Here I want to back away from the philosophical debate and go back to more practical issues: in particular, demonstrating how you can apply these Bayesian ideas in Python. The workhorse of modern Bayesianism is the Markov Chain Monte Carlo (MCMC), a class of algorithms used to efficiently sample posterior distributions.

Below I'll explore three mature Python packages for performing Bayesian analysis via MCMC:

  • emcee: the MCMC Hammer
  • pymc: Bayesian Statistical Modeling in Python
  • pystan: The Python Interface to Stan

I won't be so much concerned with speed benchmarks between the three, as much as a comparison of their respective APIs. This post is not meant to be a tutorial in any of the three; each of them is well documented and the links above include introductory tutorials for that purpose. Rather, what I want to do here is a side-by-side comparison which will give a feel for how each package is used. I'll propose a single relatively non-trivial test problem, and show the implementation and results of this problem using all three packages. Hopefully by seeing the three approaches side-by-side, you can choose which package might be best suited for your particular application.

Test Problem: Line of Best Fit

For our test problem, we'll do a three-parameter model which fits a straight line to data. The parameters will be the slope, the intercept, and the scatter about the line; the scatter in this case will be treated as a nuisance parameter.

The Data

Let's define some data that we'll work with:

In [1]:
%matplotlib inline
import matplotlib.pyplot as plt
import numpy as np

np.random.seed(42)
theta_true = (25, 0.5)
xdata = 100 * np.random.random(20)
ydata = theta_true[0] + theta_true[1] * xdata

# add scatter to points
xdata = np.random.normal(xdata, 10)
ydata = np.random.normal(ydata, 10)
In [2]:
plt.plot(xdata, ydata, 'ok')
plt.xlabel('x')
plt.ylabel('y');

The data are clearly correlated, and we'll assume that we don't know the errors. Let's construct a linear model to fit this data.

The Model: Slope, Intercept, & Unknown Scatter

Recall that Bayes' theorem gives

$$ P(\theta~|~D) \propto P(D~|~\theta) P(\theta) $$

Where $D$ represents the observed data, and $\theta$ represents the model.

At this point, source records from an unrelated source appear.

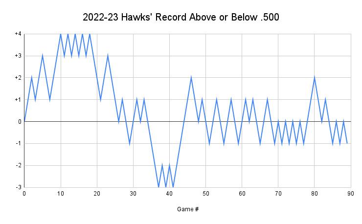 This graph shows how many games above or below .500 Atlanta was throughout last season, including playoffs. Note that the Hawks deviated from an even record by more than a game just once over the last half of the season (play-in and playoffs included).
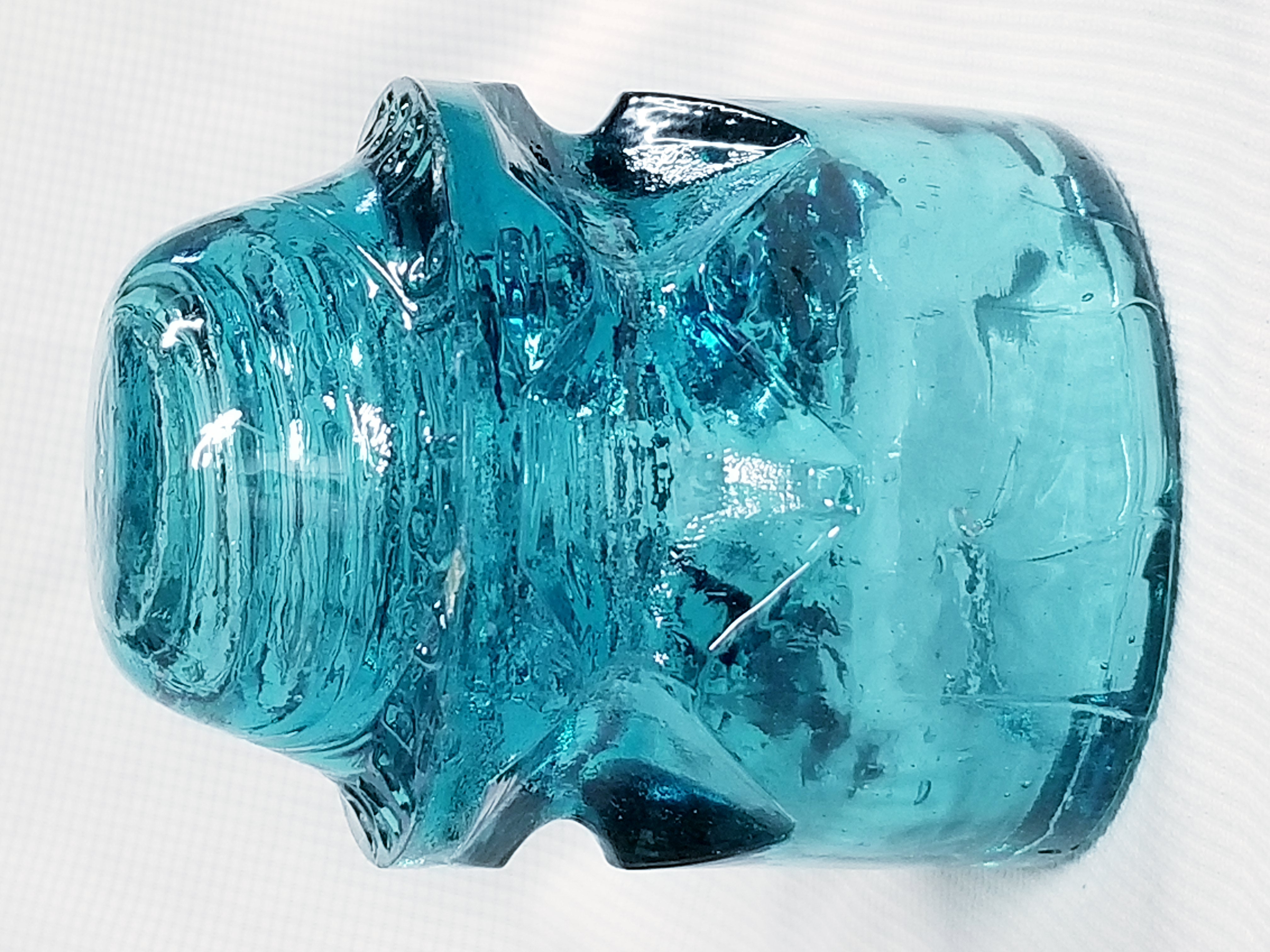 CD-135 Shoulder Embossed CHI INS CO PATd OCT 16. 1883 - PIC2 - medium blue-aqua, shiny shimmering clean glass with a few bubbles, creases and slight underpour. Has only a few tiny shoulder rim nicks and tiny manufacturing flakes that are intact. Very minor manufacturing flaws all located on the 1883 edge and none of which affects the BOLD embossing. A clean, shiny, crude diamond groove in fabulous condition. $100 Shipped to lower 48. I prefer PayPal F&F and accept Zelle, Cashier's Check, Personal Checks (if we've done business before) Thank You!!! |
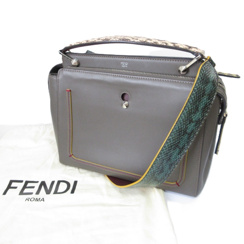 美品 FENDI フェンディ ドットコム パイソン レザー 2way ショルダーバッグ ハンドバッグ グレー
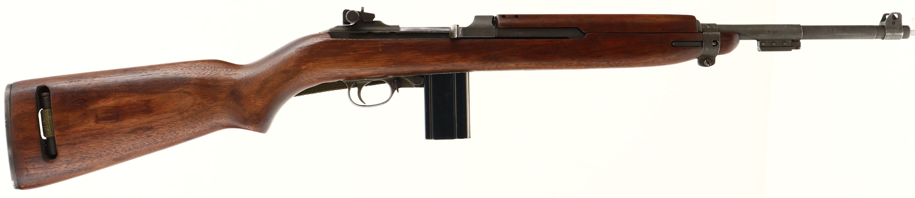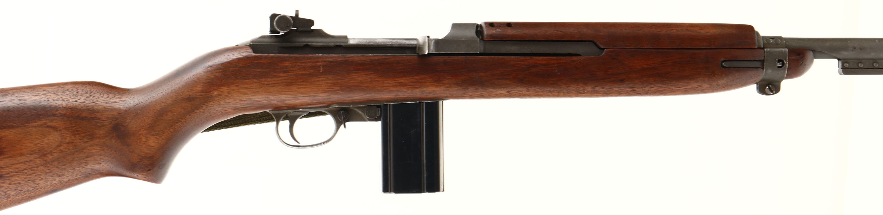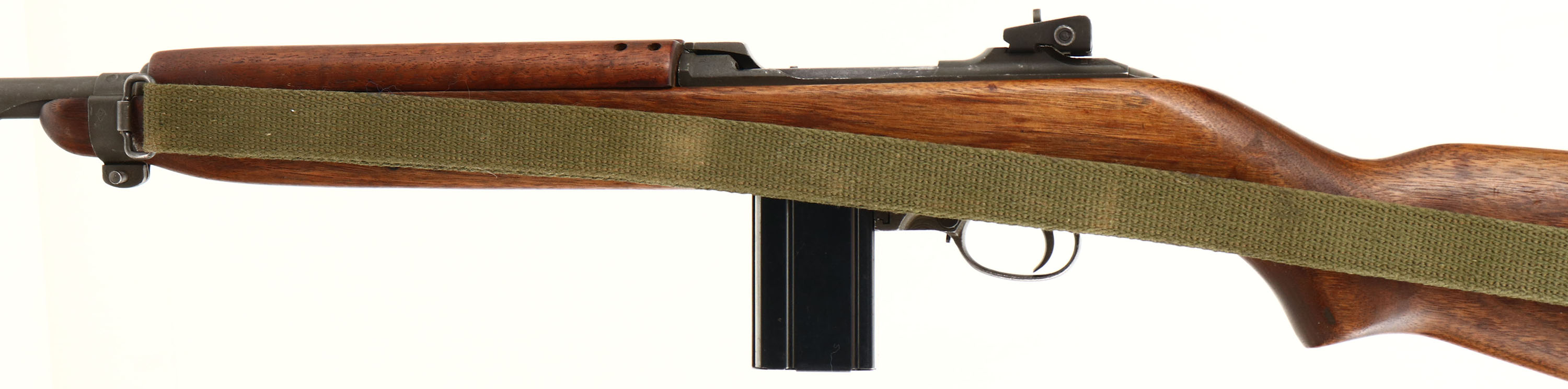 I.B.M, M1 Carbine, CAL: .30 Carbine, MFG: 1943-44, S/N: 3743814, Semi-Auto Rifle, 18'' Round Barrel. The flat pistol grip wood stock is excellent, as nicely refinished, displaying small handling marks, contusions & light scratches. Faint cartouche on right side of stock that is no longer legible. The military parkerized finish on the receiver & barrel rates 90%, displaying light scratches & scrapes. The back of the receiver is marked, ''I.B.M. CORP, SN'' & the top of receiver on the front is marked, ''U.S.CARBINE'', ''CAL. 30M1''. The bottom of trigger guard marked, ''O''. The barrel band is marked, ''O'' in diamond & the top end of barrel marked, ''I.B.M CORP.'', ''11 43'' over ''Flaming Bomb''. Bore is very good, bright & shiny amongst thinned rifling. The barrel holds a blade front sight, with protective wings & the rear sight is a windage/elevation adjustable aperture sight, with graduations from 1 to 3. The buttstock carries a checkered military style buttplate. Comes with sling, oiler bottle, 15 Rd. mag marked ''UU'' & an additional 5 Rd. mag. FFL or C&R Req. - Value: 800 to 1600
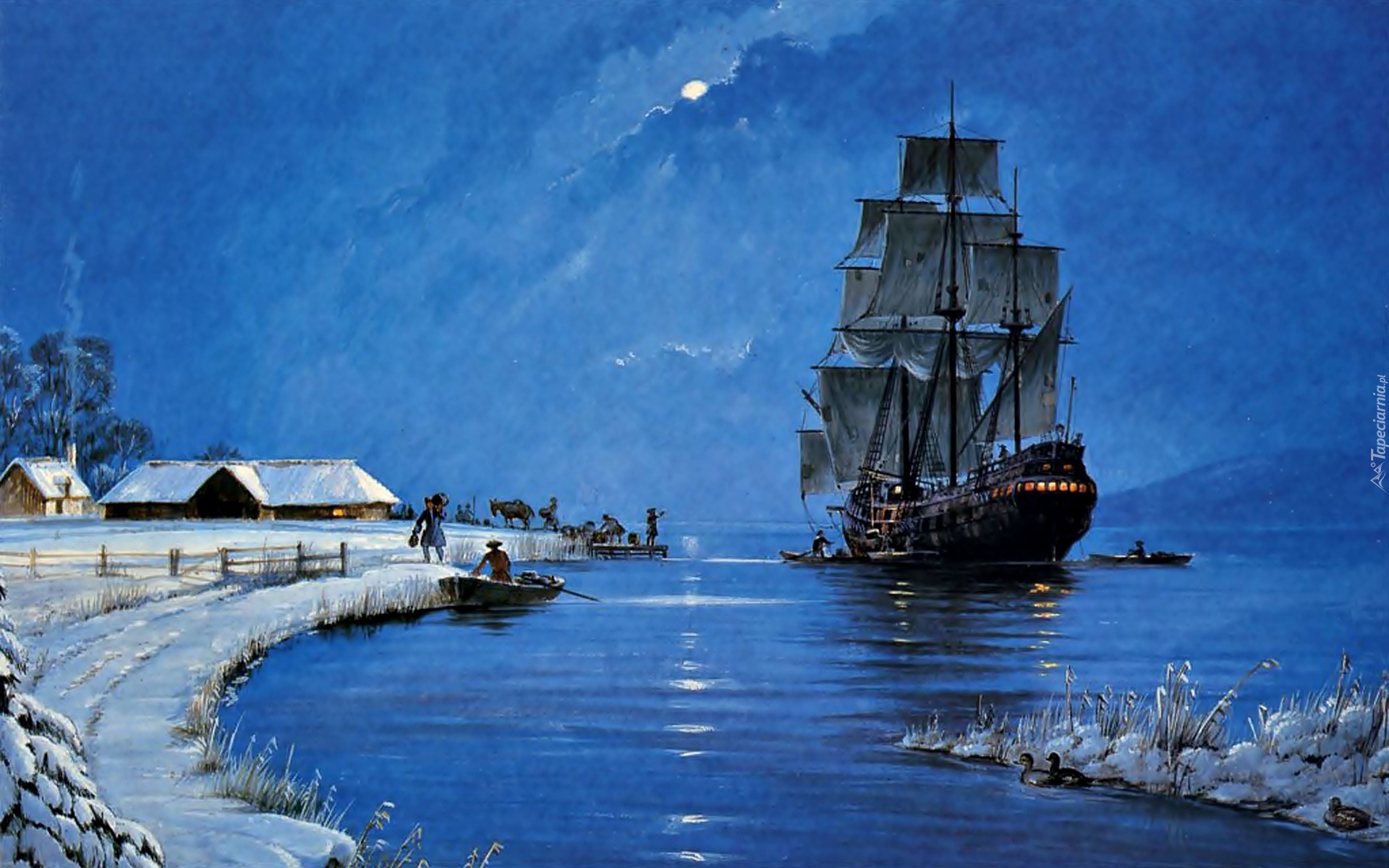 Edytor tapety: Morze, Statek, Domy, Brzeg, Noc, Obraz, Zima
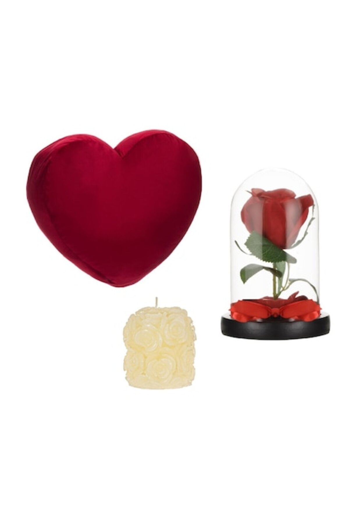 Cadou de Ziua Îndrăgostiților, Trandafir decorativ în cupolă, Lumânare parfumată și Pernă în formă de inimă - Roșu
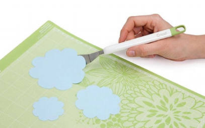 Cricut 스파츌라는 Cricut 자르기 매트에서 이미지를 정확하게 들어올려 복잡한 이미지가 찢어지거나 구부러지지 않게 합니다. 스파츌라의 기울어진 끝부분을 사용하면 재료 아래에 손쉽게 밀어 넣을 수 있습니다.
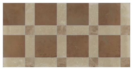 Płytka Cotto Stamp Natural to propozycja od producenta Aparici, pochodzącego z Hiszpanii. Ma wymiary 50x100 cm i podkreśla swój rustykalny charakter przez estetyczne, naturalne kolory. Połączenie beżu oraz brązów układa się w regularne wzory prostokątów i kwadratów, które nie są przesadnie krzykliwe, ale wprowadzają wyraźną strukturę do przestrzeni. Taka kompozycja nadaje wnętrzom wyrazistość bez zbędnej finezji, więc dobrze sprawdzi się zarówno w domach, jak i miejscach użyteczności publicznej.
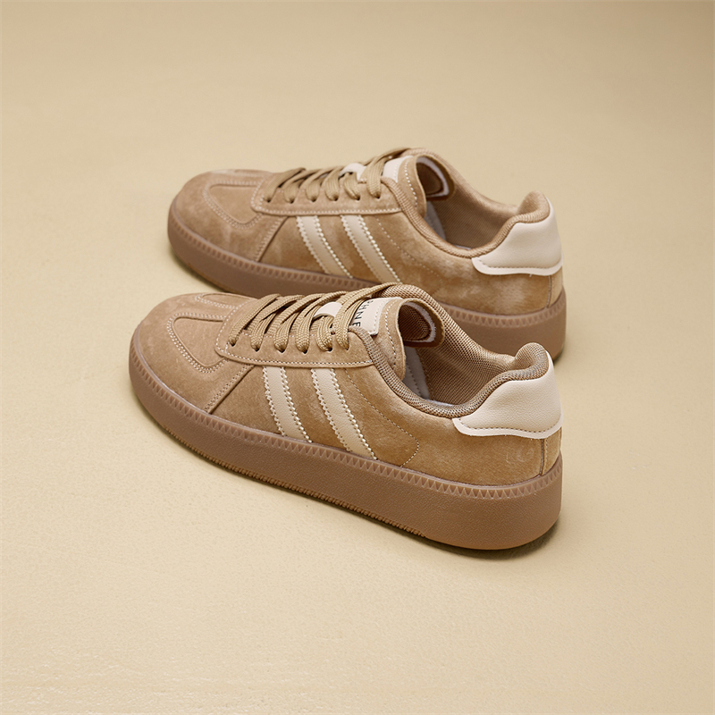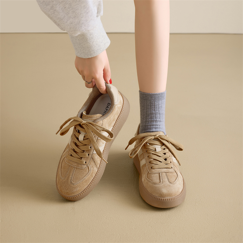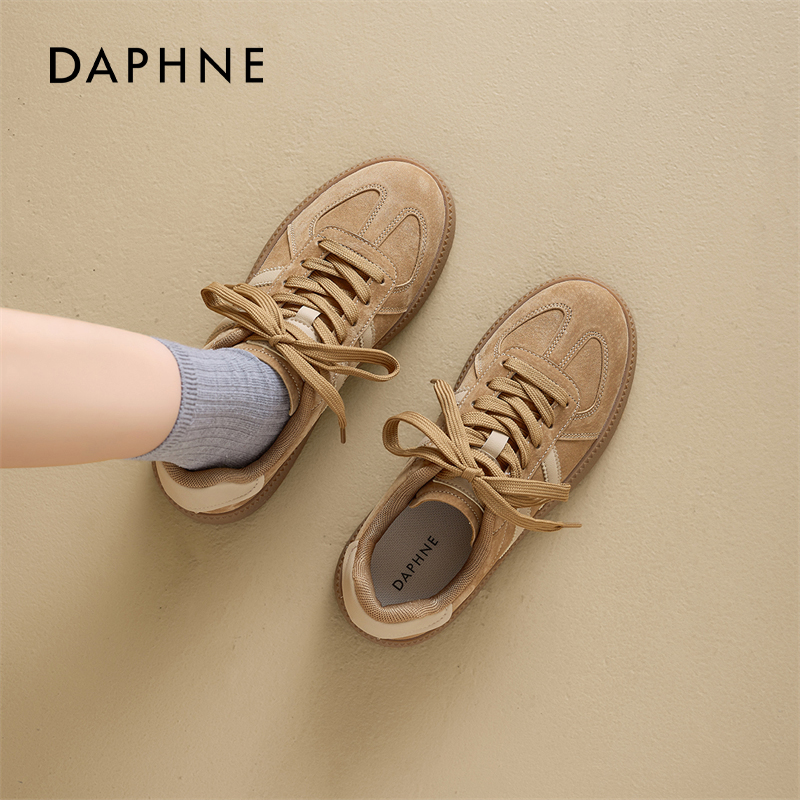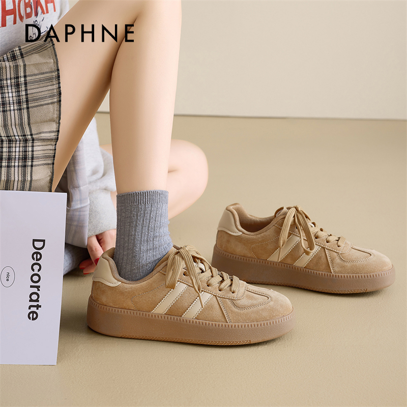 棕色复古轻便增高板鞋 休闲运动鞋 女2025春秋新款 达芙妮厚底德训鞋
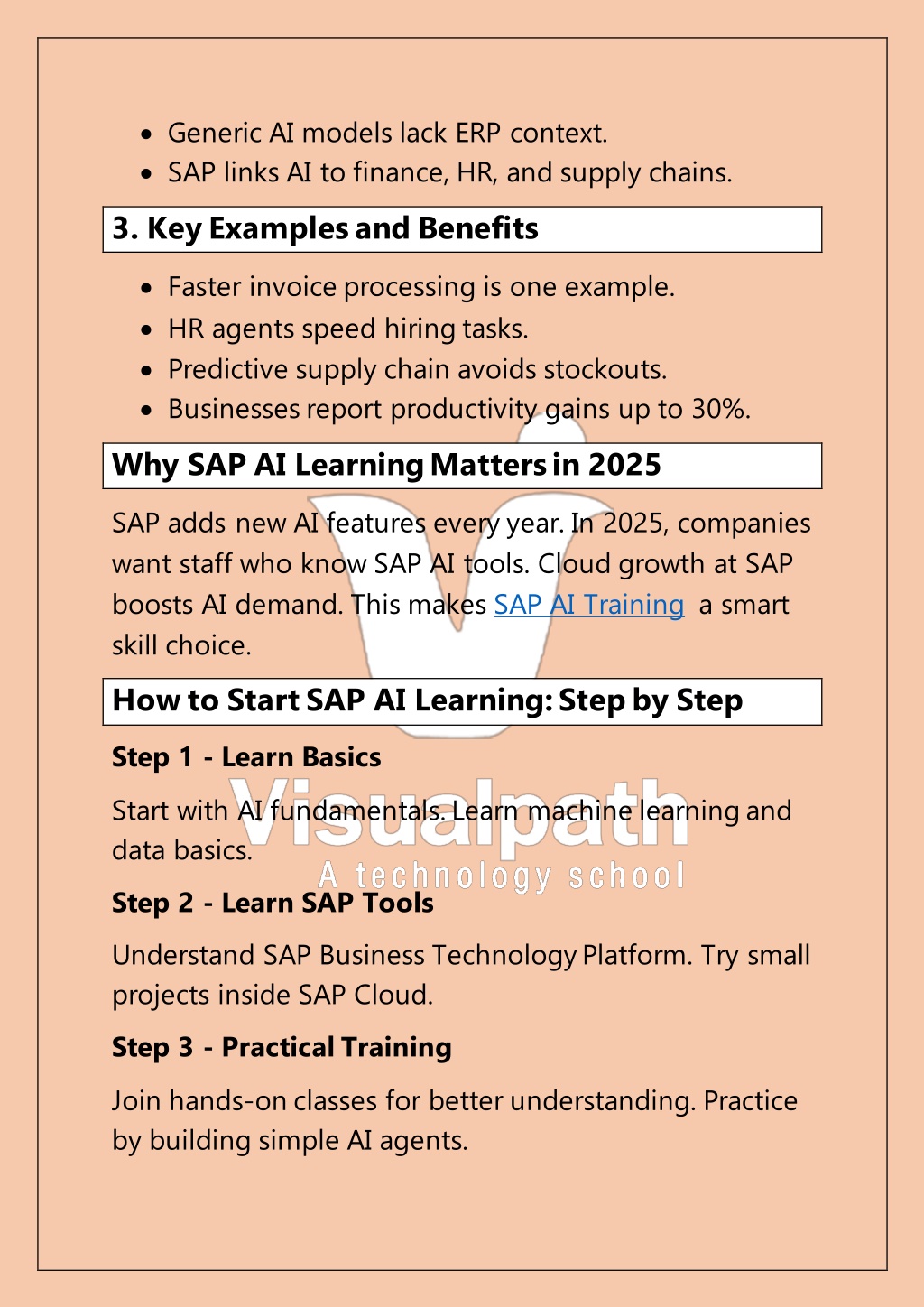 2. Generic AI models lack ERP context. SAP links AI to finance, HR, and supply chains. 3. Key Examples and Benefits Faster invoice processing is one example. HR agents speed hiring tasks. Predictive supply chain avoids stockouts. Businesses report productivity gains up to 30%. Why SAP AI Learning Matters in 2025 SAP adds new AI features every year. In 2025, companies want staff who know SAP AI tools. Cloud growth at SAP boosts AI demand. This makes SAP AI Training a smart skill choice. How to Start SAP AI Learning: Step by Step Step 1 - Learn Basics Start with AI fundamentals. Learn machine learning and data basics. Step 2 - Learn SAP Tools Understand SAP Business Technology Platform. Try small projects inside SAP Cloud. Step 3 - Practical Training Join hands-on classes for better understanding. Practice by building simple AI agents.

We'll assume a linear model for our data, parametrized by a slope $\beta$ and a y-intercept $\alpha$:

$$ \hat{y}(x_i~|~\alpha,\beta) = \alpha + \beta x_i $$

Assuming gaussian errors on the observed y values, the probability for any data point under this model is given by:

$$ P(x_i, y_i~|~\alpha, \beta, \sigma) = \frac{1}{\sqrt{2\pi\sigma^2}} \exp\left[\frac{-[y_i - \hat{y}(x_i~|~\alpha, \beta)]^2}{2\sigma^2}\right] $$

where $\sigma$ here is an unknown measurement error, which we'll treat as a nuisance parameter

Multiplying these for all $i$ gives the likelihood: $$ P(\{x_i\}, \{y_i\}~|~\alpha, \beta, \sigma) \propto (2\pi\sigma^2)^{-N/2} \exp\left[- \frac{1}{2\sigma^2} \sum_{i-1}^N [y_i - \hat{y}(x_i~|~\alpha,\beta)]^2\right] $$

The Prior

Here we're going to be a bit more careful about the choice of prior than we've been in the previous posts. We could simply choose flat priors on $\alpha$, $\beta$, and $\sigma$, but we must keep in mind that flat priors are not always uninformative priors! A better choice is to follow Jeffreys and use symmetry and/or maximum entropy to choose maximally noninformative priors. This is the kind of exercise in choosing priors is one that frequentists often complain about as overly subjective, but the approach is well-founded and very well-supported from an information theoretic standpoint.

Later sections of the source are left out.